ABOUT THIS EXERCISE: Please output every record below exactly as written, leaving out any pictures.

# # # # # # #

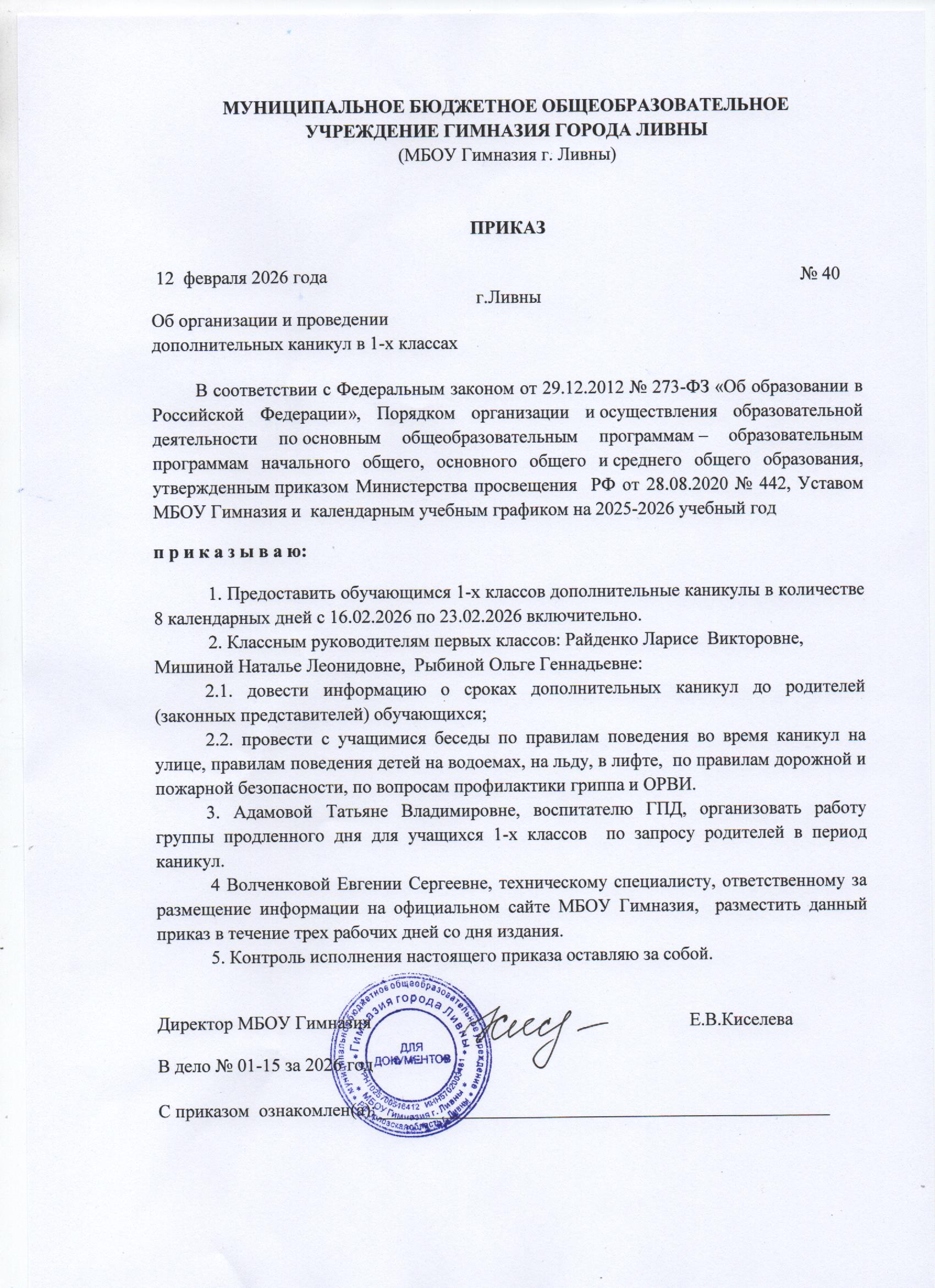 В Гимназии начались дополнительные каникулы для первоклассников
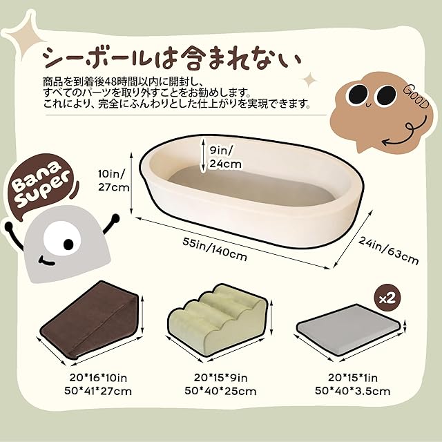 【高密度素材で安心安全】高弾性スポンジと柔らかい布地を採用。幼児の飛び乗り・転がり・ジャンプに耐える耐久性を実現。衝撃吸収性に優れ、転倒時のケガ防止に配慮。隠しファスナー設計で肌への接触部分を滑らかに仕上げています。
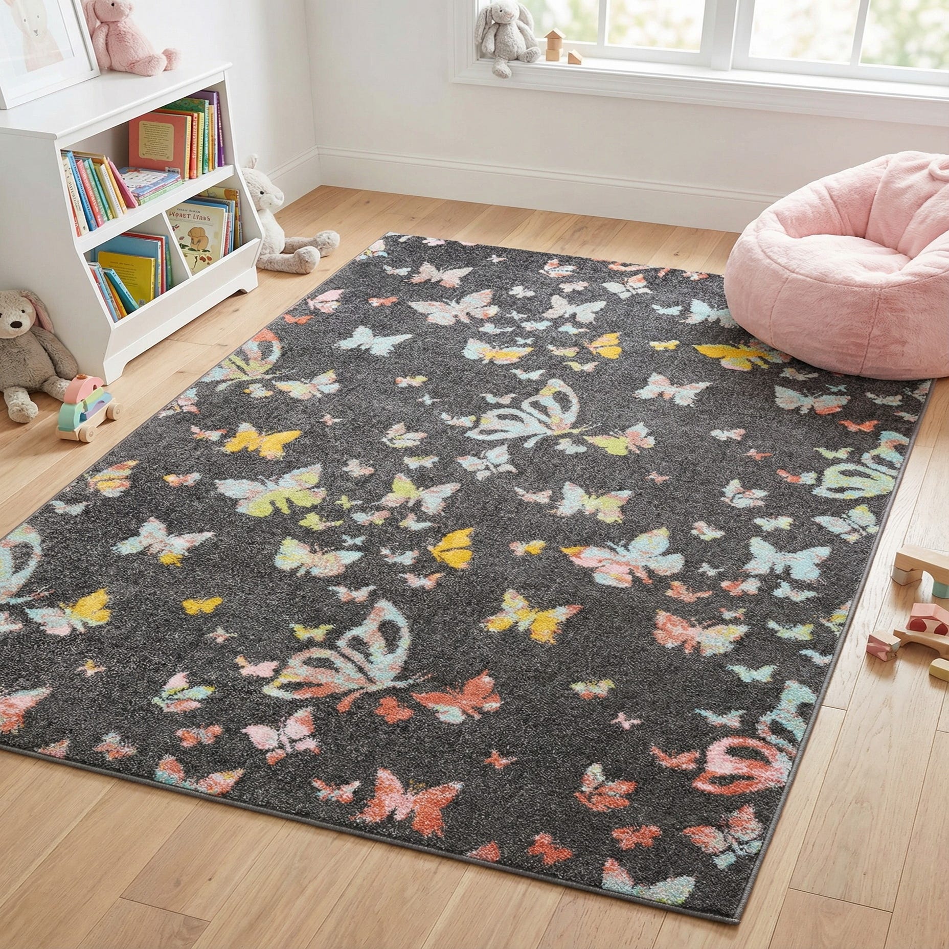 Primary color is Charcoal Gray. Colors in this rug include: Charcoal Gray, Blue, Green, Ivory, Pink, Yellow.
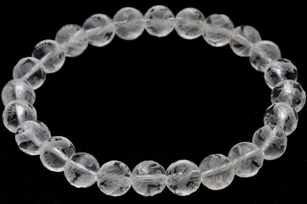 天然石 ビーズ【彫刻ビーズ】水晶 (素彫り) 五爪龍 (8mm) (半連 ブレスレット約1本分) パワーストーン
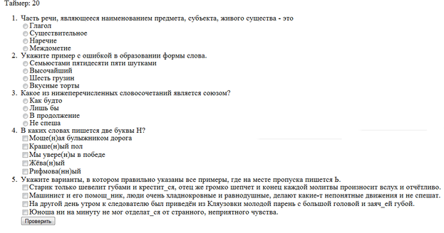 Разработать страницу для тестирования знаний (страницы содержат вопросы и варианты ответов, есть таймер для ограничения времени ответа).
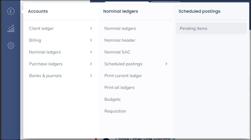 If there are outstanding postings scheduled for this period, select ‘Nominal Ledgers’ from the left hand menu. Select ‘Accounts’ then ‘Nominal ledgers’, ‘Scheduled Postings’ followed by ‘Pending items’.
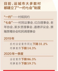 目前,運城市大多數(shù)村都建立了“一約七會”制度——“一約”是村規(guī)民約,“七會”是村民議事會、紅白理事會、老年協(xié)會、新鄉(xiāng)賢理事會、道德評議會、禁賭禁毒協(xié)會和民調(diào)理事會。這“一約七會”制度的不斷健全,對破除鄉(xiāng)村社會陋習(xí)、引導(dǎo)群眾移風(fēng)易俗、引領(lǐng)社會新風(fēng)、化解矛盾糾紛,維護(hù)基層社會和諧穩(wěn)定起到了重要作用。村民的正能量多了,鄉(xiāng)村的負(fù)面事情少了,社會治安狀況得到明顯改善,群眾安全感顯著增強(qiáng)。2019年運城市農(nóng)村治安案件同比下降31.2%,刑事案件下降14.3%;2020年一季度,治安案件下降86.3%,刑事案件下降59.7%。

# # # # # # #

WRITTEN RESPONSE:
 В Гимназии начались дополнительные каникулы для первоклассников
 【高密度素材で安心安全】高弾性スポンジと柔らかい布地を採用。幼児の飛び乗り・転がり・ジャンプに耐える耐久性を実現。衝撃吸収性に優れ、転倒時のケガ防止に配慮。隠しファスナー設計で肌への接触部分を滑らかに仕上げています。
 Primary color is Charcoal Gray. Colors in this rug include: Charcoal Gray, Blue, Green, Ivory, Pink, Yellow.
 天然石 ビーズ【彫刻ビーズ】水晶 (素彫り) 五爪龍 (8mm) (半連 ブレスレット約1本分) パワーストーン
 Разработать страницу для тестирования знаний (страницы содержат вопросы и варианты ответов, есть таймер для ограничения времени ответа).
 If there are outstanding postings scheduled for this period, select ‘Nominal Ledgers’ from the left hand menu. Select ‘Accounts’ then ‘Nominal ledgers’, ‘Scheduled Postings’ followed by ‘Pending items’.
 目前,運城市大多數(shù)村都建立了“一約七會”制度——“一約”是村規(guī)民約,“七會”是村民議事會、紅白理事會、老年協(xié)會、新鄉(xiāng)賢理事會、道德評議會、禁賭禁毒協(xié)會和民調(diào)理事會。這“一約七會”制度的不斷健全,對破除鄉(xiāng)村社會陋習(xí)、引導(dǎo)群眾移風(fēng)易俗、引領(lǐng)社會新風(fēng)、化解矛盾糾紛,維護(hù)基層社會和諧穩(wěn)定起到了重要作用。村民的正能量多了,鄉(xiāng)村的負(fù)面事情少了,社會治安狀況得到明顯改善,群眾安全感顯著增強(qiáng)。2019年運城市農(nóng)村治安案件同比下降31.2%,刑事案件下降14.3%;2020年一季度,治安案件下降86.3%,刑事案件下降59.7%。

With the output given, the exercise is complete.